Encountering "Expected to have finished reduction in the prior iteration before starting a new one" Error During Training #32

LemonWei111 · 2025-02-14T02:51:10Z

I'm encountering an issue while attempting to finetune a model on my dataset. I run the command as follows:
torchrun --master_port=7777 --nproc_per_node=1 train.py -c configs/deim_dfine/deim_hgnetv2_l_coco.yml --use-amp --seed 42 -t deim_dfine_hgnetv2_l_coco_50e.pth

The error message I receive is as follows:

[rank0]: Traceback (most recent call last):
[rank0]:   File "/home/env1/DEIM/train.py", line 95, in <module>
[rank0]:     main(args)
[rank0]:   File "/home/env1/DEIM/train.py", line 65, in main
[rank0]:     solver.fit()
[rank0]:   File "/home/env1/DEIM/engine/solver/det_solver.py", line 76, in fit
[rank0]:     train_stats = train_one_epoch(
[rank0]:   File "/home/env1/DEIM/engine/solver/det_engine.py", line 58, in train_one_epoch
[rank0]:     outputs = model(samples, targets=targets)
[rank0]:   File "/home/anaconda3/envs/env1/lib/python3.10/site-packages/torch/nn/modules/module.py", line 1736, in _wrapped_call_impl
[rank0]:     return self._call_impl(*args, **kwargs)
[rank0]:   File "/home/anaconda3/envs/env1/lib/python3.10/site-packages/torch/nn/modules/module.py", line 1747, in _call_impl
[rank0]:     return forward_call(*args, **kwargs)
[rank0]:   File "/home/anaconda3/envs/env1/lib/python3.10/site-packages/torch/nn/parallel/distributed.py", line 1639, in forward
[rank0]:     inputs, kwargs = self._pre_forward(*inputs, **kwargs)
[rank0]:   File "/home/anaconda3/envs/env1/lib/python3.10/site-packages/torch/nn/parallel/distributed.py", line 1528, in _pre_forward
[rank0]:     if torch.is_grad_enabled() and self.reducer._rebuild_buckets():
[rank0]: RuntimeError: Expected to have finished reduction in the prior iteration before starting a new one.

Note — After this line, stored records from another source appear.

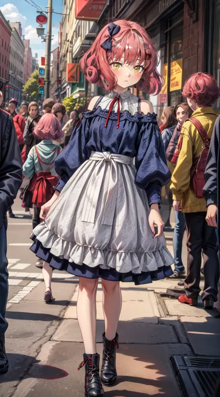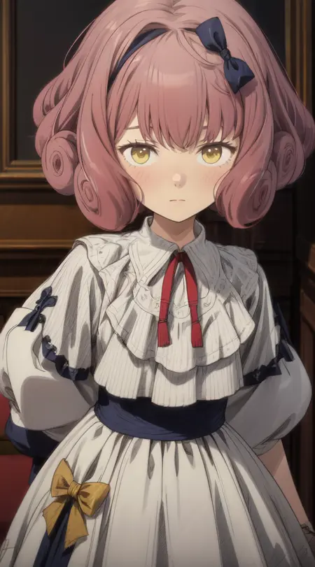 lou lora:lou:0.7, 黒いドレスを纏ったピンク髪の少女が立っている。首には赤い長めのリボンが結ばれ、黄色い目をしている。白いブラウスは首元と肩に gathers が施されており、首には赤いリボンが結ばれていて、色合いと洗練された雰囲気を加えている。濃紺のドレスまたはジャンパーで、こちらは長くルーズな袖が特徴で、とてもチャイカでモダンなルックを演出している。
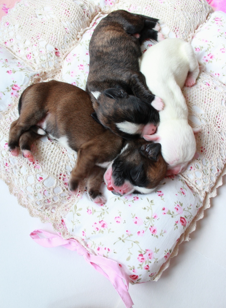 У нас опять двадцать пять пополнение ) Тильда 30 октября родила 8 щенков (плановая вязка питомника) . Один рыжий, одна белая девица и остальные тигровые : 3 парня и 5 девчонок) Теперь нянчимся :)
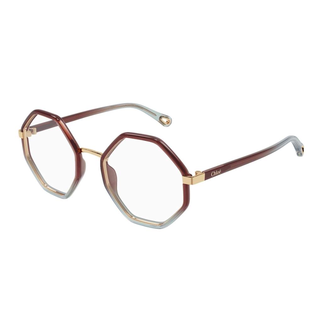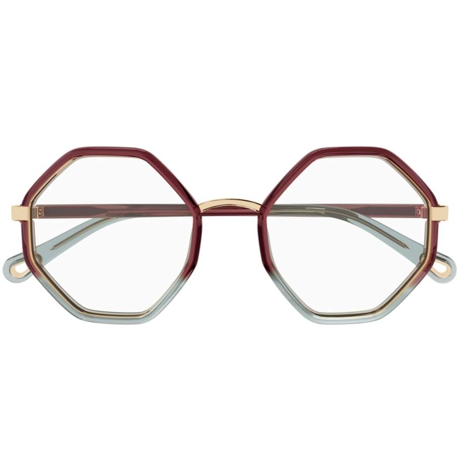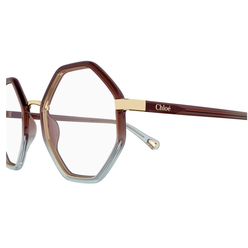 CHLOE’ CH0132O Iconica montatura esagonale con cerchi arcobaleno bio iniettati e aste in bio-acetato sfumato. Ponte in metallo e griffe in metallo dorato che collegano i cerchi alle aste, logo stampato a caldo sull’asta sinistra. Iconica apertura a goccia sui terminali, decorata con logo inciso.
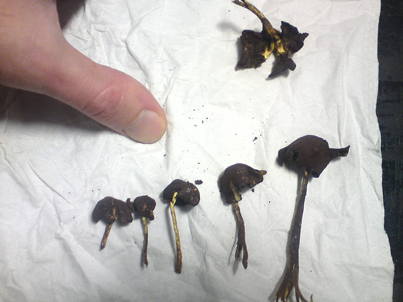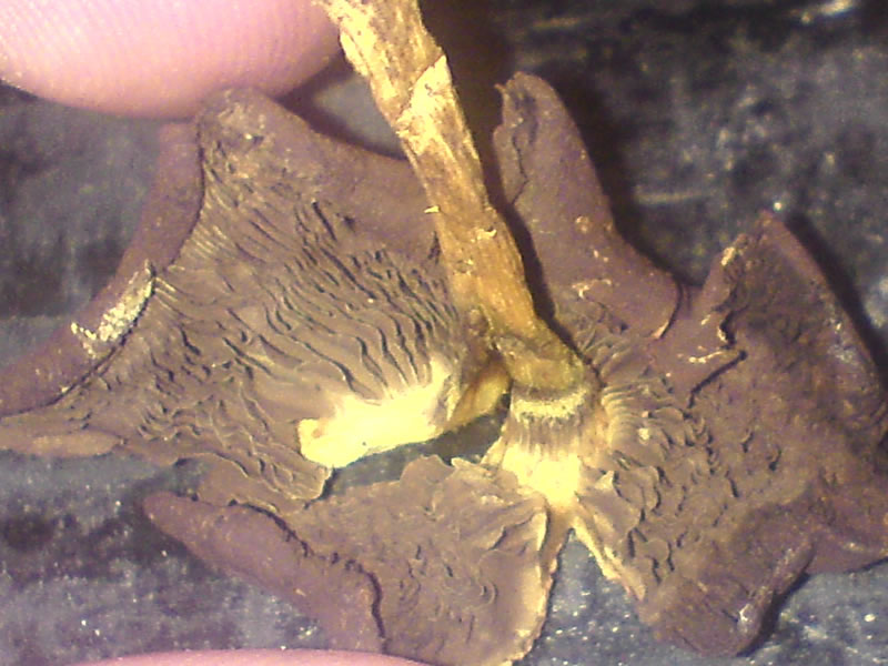 Kein Schleim, jetzt nach 7 Stunden ist der Hut lederartig, fest, die Lamellen leicht gilb-farben (sagt man das?), der Stiel unverändert trotz Druck, festes Fleisch, auch wenn er davon nicht viel hat.
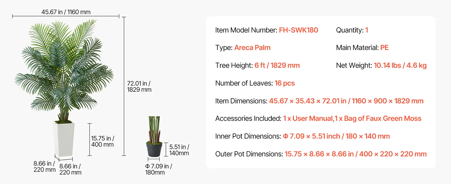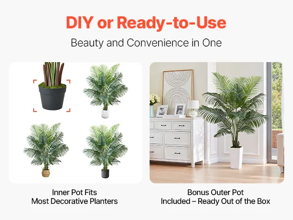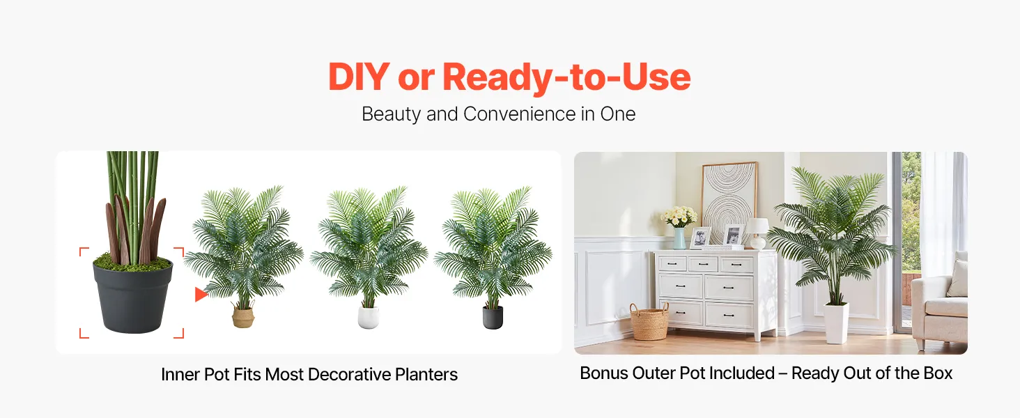 Customizable Decor: The planter base fits most decorative vases, letting you easily switch containers to match changing home themes. Refresh your space without changing your artificial tropical plants
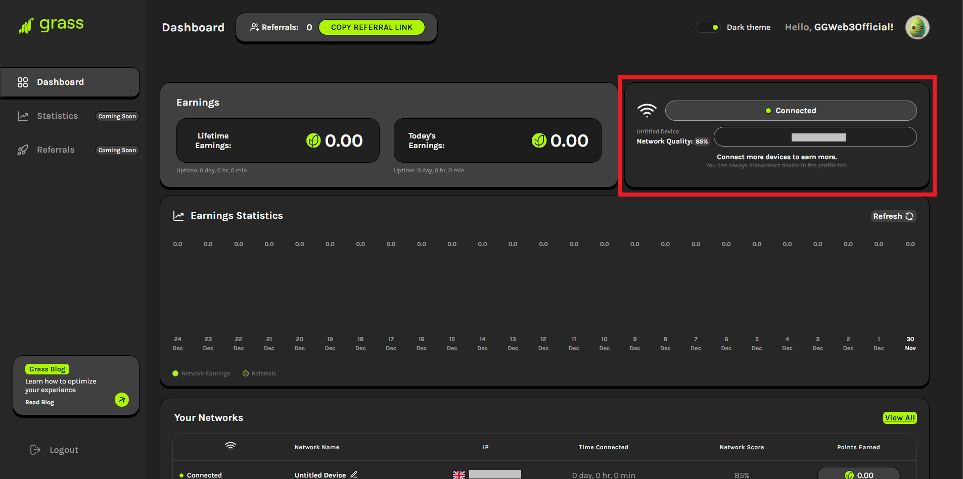 Now we should see that our network is connected & we have started earning rewards already!
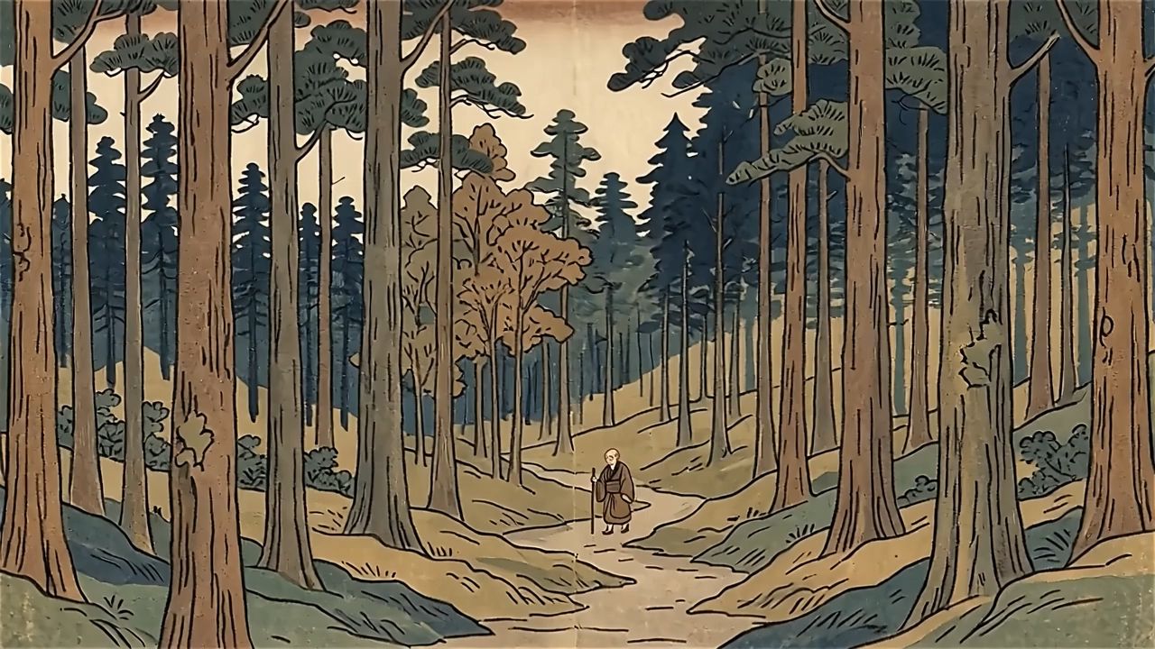 the aged monk walks slowly along the path toward camera. Camera is locked. Birds sing in the trees

This error indicates that your module has parameters that were not used in producing loss. You can enable unused parameter detection by passing the keyword argument `find_unused_parameters=True` to `torch.nn.parallel.DistributedDataParallel`, and by 
[rank0]: making sure all `forward` function outputs participate in calculating loss. 
[rank0]: If you already have done the above, then the distributed data parallel module wasn't able to locate the output tensors in the return value of your module's `forward` function. Please include the loss function and the structure of the return value of `forward` of your module when reporting this issue (e.g. list, dict, iterable).
[rank0]: Parameter indices which did not receive grad for rank 0: 384
[rank0]:  In addition, you can set the environment variable TORCH_DISTRIBUTED_DEBUG to either INFO or DETAIL to print out information about which particular parameters did not receive gradient on this rank as part of this error
E0214 10:18:44.597429 2431079 site-packages/torch/distributed/elastic/multiprocessing/api.py:869] failed (exitcode: 1) local_rank: 0 (pid: 2431105) of binary: /home/anaconda3/envs/env1/bin/python
Traceback (most recent call last):
  File "/home/anaconda3/envs/env1/bin/torchrun", line 8, in <module>
    sys.exit(main())
  File "/home/anaconda3/envs/env1/lib/python3.10/site-packages/torch/distributed/elastic/multiprocessing/errors/__init__.py", line 355, in wrapper
    return f(*args, **kwargs)
  File "/home/anaconda3/envs/env1/lib/python3.10/site-packages/torch/distributed/run.py", line 919, in main
    run(args)
  File "/home/anaconda3/envs/env1/lib/python3.10/site-packages/torch/distributed/run.py", line 910, in run
    elastic_launch(
  File "/home/anaconda3/envs/env1/lib/python3.10/site-packages/torch/distributed/launcher/api.py", line 138, in __call__
    return launch_agent(self._config, self._entrypoint, list(args))
  File "/home/anaconda3/envs/env1/lib/python3.10/site-packages/torch/distributed/launcher/api.py", line 269, in launch_agent
    raise ChildFailedError(
torch.distributed.elastic.multiprocessing.errors.ChildFailedError: 
============================================================
train.py FAILED
------------------------------------------------------------
Failures:
  <NO_OTHER_FAILURES>
------------------------------------------------------------
Root Cause (first observed failure):
[0]:
  time      : 2025-02-14_10:18:44
  host      : llmserver
  rank      : 0 (local_rank: 0)
  exitcode  : 1 (pid: 2431105)
  error_file: <N/A>
  traceback : To enable traceback see: https://pytorch.org/docs/stable/elastic/errors.html
============================================================

I've tried to set the environment variable TORCH_DISTRIBUTED_DEBUG=DETAIL for more information, but haven't found a clear solution.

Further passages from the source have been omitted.